И девочка понравилась, а оказалась дочерью графа – врага ненавистного. Единственная радость за последнее время и та обернулась таким подвохом, горечью, что ни говори. А теперь ещё и этот дождь… О каком везении можно тут говорить?
Даже одеяло и плащ одной рукой не удержишь… Всё как-то неправильно, нехорошо складывается.
Хоть бы мама выкупила его поскорее, что ли. Она же не оставит его в плену у этого графа.
А вечером пришёл сам кастелян. Хорошо, дождь на время прекратился. Ролт долго стоял, заглядывая в лицо, спросил вдруг:
– Как вы, лорд?
Арольд усмехнулся, от кастеляна этот вопрос звучал не иначе, как насмешка.
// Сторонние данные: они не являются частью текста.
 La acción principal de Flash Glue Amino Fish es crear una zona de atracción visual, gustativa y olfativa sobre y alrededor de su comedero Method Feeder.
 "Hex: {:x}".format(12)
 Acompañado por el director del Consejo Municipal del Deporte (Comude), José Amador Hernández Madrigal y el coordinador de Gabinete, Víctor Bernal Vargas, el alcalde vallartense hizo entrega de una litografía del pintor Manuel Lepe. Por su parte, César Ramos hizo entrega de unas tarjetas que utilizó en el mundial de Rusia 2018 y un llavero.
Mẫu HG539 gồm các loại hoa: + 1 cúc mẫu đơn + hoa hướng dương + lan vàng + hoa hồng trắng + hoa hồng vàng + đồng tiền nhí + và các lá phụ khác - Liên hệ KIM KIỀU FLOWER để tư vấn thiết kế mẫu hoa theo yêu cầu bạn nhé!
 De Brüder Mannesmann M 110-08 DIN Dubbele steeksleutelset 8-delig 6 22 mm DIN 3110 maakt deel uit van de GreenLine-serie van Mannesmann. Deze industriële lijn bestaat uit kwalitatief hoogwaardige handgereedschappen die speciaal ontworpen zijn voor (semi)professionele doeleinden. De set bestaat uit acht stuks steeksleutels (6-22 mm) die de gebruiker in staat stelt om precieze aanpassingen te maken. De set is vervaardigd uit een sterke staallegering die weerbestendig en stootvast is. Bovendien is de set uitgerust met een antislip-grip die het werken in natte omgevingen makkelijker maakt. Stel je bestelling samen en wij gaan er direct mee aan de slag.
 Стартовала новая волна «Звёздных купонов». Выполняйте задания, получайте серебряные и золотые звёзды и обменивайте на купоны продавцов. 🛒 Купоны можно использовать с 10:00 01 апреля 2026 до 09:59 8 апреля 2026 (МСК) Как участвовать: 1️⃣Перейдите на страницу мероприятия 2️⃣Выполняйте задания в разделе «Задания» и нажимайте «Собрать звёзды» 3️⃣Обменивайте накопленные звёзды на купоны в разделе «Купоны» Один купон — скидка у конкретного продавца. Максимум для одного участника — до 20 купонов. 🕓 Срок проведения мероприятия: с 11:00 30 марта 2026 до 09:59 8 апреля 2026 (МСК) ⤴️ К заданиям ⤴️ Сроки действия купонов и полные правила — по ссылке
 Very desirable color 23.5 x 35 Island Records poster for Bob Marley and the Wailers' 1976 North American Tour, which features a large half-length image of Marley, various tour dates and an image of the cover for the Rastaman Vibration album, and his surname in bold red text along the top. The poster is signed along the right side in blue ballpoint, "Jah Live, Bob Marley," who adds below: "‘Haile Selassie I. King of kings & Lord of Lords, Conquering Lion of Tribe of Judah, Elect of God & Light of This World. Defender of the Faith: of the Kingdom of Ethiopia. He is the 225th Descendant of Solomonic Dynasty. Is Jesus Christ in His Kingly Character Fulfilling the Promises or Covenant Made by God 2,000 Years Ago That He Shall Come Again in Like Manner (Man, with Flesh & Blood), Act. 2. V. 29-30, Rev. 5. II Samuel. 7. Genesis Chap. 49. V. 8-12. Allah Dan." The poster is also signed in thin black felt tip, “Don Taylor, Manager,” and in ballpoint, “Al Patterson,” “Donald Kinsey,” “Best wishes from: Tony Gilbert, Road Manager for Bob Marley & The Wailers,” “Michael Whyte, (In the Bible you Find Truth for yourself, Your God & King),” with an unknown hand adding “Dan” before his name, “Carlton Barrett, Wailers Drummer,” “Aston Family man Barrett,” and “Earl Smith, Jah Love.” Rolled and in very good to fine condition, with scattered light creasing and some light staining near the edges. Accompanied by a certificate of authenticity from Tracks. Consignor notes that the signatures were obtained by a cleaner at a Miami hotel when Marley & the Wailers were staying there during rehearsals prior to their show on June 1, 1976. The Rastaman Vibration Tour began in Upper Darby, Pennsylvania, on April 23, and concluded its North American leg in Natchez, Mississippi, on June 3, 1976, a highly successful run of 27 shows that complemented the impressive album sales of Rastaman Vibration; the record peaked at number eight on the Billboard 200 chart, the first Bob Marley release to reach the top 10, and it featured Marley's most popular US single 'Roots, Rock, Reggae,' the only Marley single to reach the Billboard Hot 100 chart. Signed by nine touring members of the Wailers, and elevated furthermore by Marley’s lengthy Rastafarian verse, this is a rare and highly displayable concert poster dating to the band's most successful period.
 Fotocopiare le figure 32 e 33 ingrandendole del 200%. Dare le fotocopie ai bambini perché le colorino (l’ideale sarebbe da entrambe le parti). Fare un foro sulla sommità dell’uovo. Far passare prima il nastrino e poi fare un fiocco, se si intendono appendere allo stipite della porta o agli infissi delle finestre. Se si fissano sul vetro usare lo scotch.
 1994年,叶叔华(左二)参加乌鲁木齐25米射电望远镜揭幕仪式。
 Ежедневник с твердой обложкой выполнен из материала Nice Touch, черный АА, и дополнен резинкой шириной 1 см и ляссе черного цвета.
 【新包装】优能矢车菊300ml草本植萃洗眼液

И он ответил с улыбкой:
– Прекрасно!
Хотя от холода зубы стучали, и челюсть дрожала, но что-то же этот Ролт хотел от него услышать.
– Госпожа послала вам сухое одеяло и дорожный плащ. Давайте, я помогу вам.
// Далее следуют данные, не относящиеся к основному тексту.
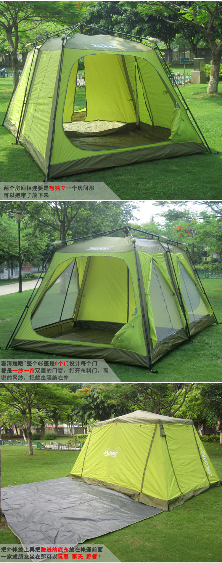 Account set up the situation: Free to build speed to carry out the opening size (L * W * H cm): 365X250X195CM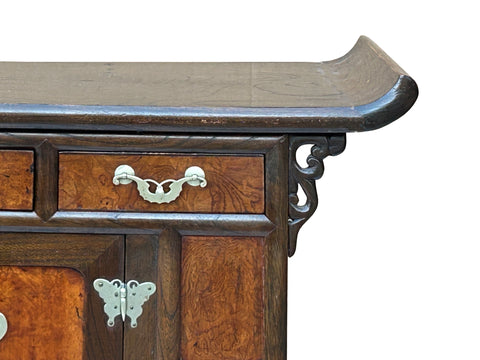 This is a beautiful example of a vintage Korean Bandaji chest (or similar traditional cabinet), characterized by its rich, dark wood and highly figured grain, likely from burled wood sections used for the central panels. The chest features an elegantly curved, slightly overhanging top reminiscent of traditional Korean rooflines. Functionally, it is divided into an upper section with three small drawers, each fitted with curved, brass pull handles. The middle section is dominated by a central pair of doors that open outward, revealing a sizable storage cavity . These doors are secured by a prominent, stylized brass butterfly hinge plate, flanked by four smaller butterfly-shaped escutcheons on the surrounding panels. The lower half features a pattern of rectangular, framed wooden panels, continuing the striking contrast between the dark frame and the lighter, patterned central sections. The entire piece is elevated slightly on bracketed legs with subtle, scrolled detailing, adding a final touch of refinement to this classic piece of Korean furniture.

Ролт стянул с плеч мокрые вещи и сам набросил сухое одеяло и заколол его на шее большой стальной булавкой, потом сам же накинул тяжёлый плащ и завязал его плотно под горлом толстыми кожаными шнурками, сам же накинул на мокрую голову капюшон.
– Вот так вам будет теплее. – Разгладил складки плаща на плечах Арольда сухими пальцами и заглянул в лицо. – Помолитесь за доброту нашей госпожи, у неё доброе сердце… Я бы вам ничего этого не давал…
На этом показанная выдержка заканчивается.